What you need to do:
The answer is a stretch of the material below, returned exactly: the line containing "无限金华:金职院学生团队研发抗菌智能康复辅具", the line containing "Vorige maand stond", and all lines between.

Data:
------------------------------------
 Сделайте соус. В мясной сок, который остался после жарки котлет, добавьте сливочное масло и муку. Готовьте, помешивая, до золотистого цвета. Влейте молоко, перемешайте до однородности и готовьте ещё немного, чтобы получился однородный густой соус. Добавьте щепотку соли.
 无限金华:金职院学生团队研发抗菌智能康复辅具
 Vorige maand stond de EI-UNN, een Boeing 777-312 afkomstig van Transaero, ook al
------------------------------------
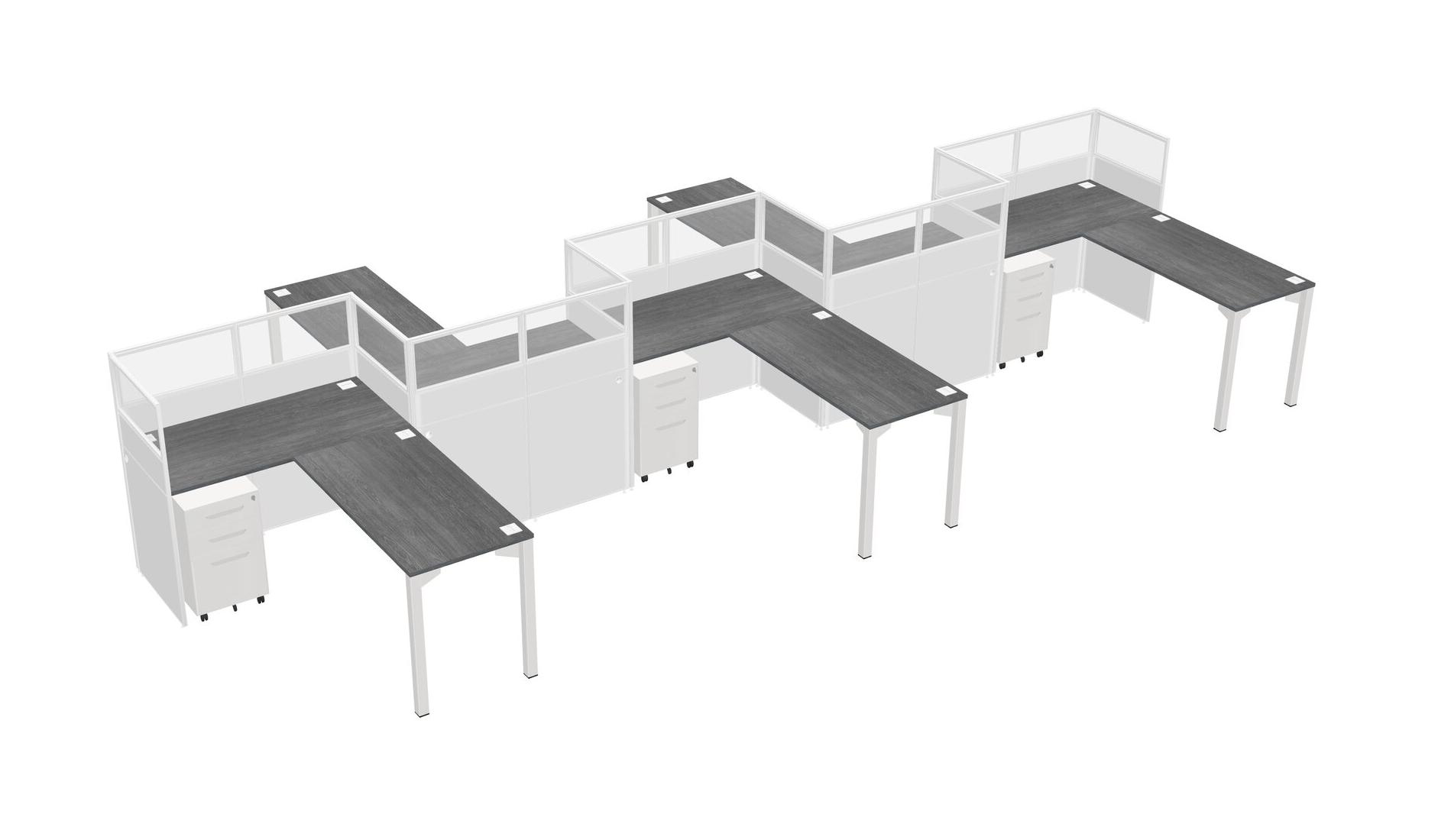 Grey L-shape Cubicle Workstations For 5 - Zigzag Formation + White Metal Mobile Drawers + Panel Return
------------------------------------
Exercise answer:
 无限金华:金职院学生团队研发抗菌智能康复辅具
 Vorige maand stond de EI-UNN, een Boeing 777-312 afkomstig van Transaero, ook al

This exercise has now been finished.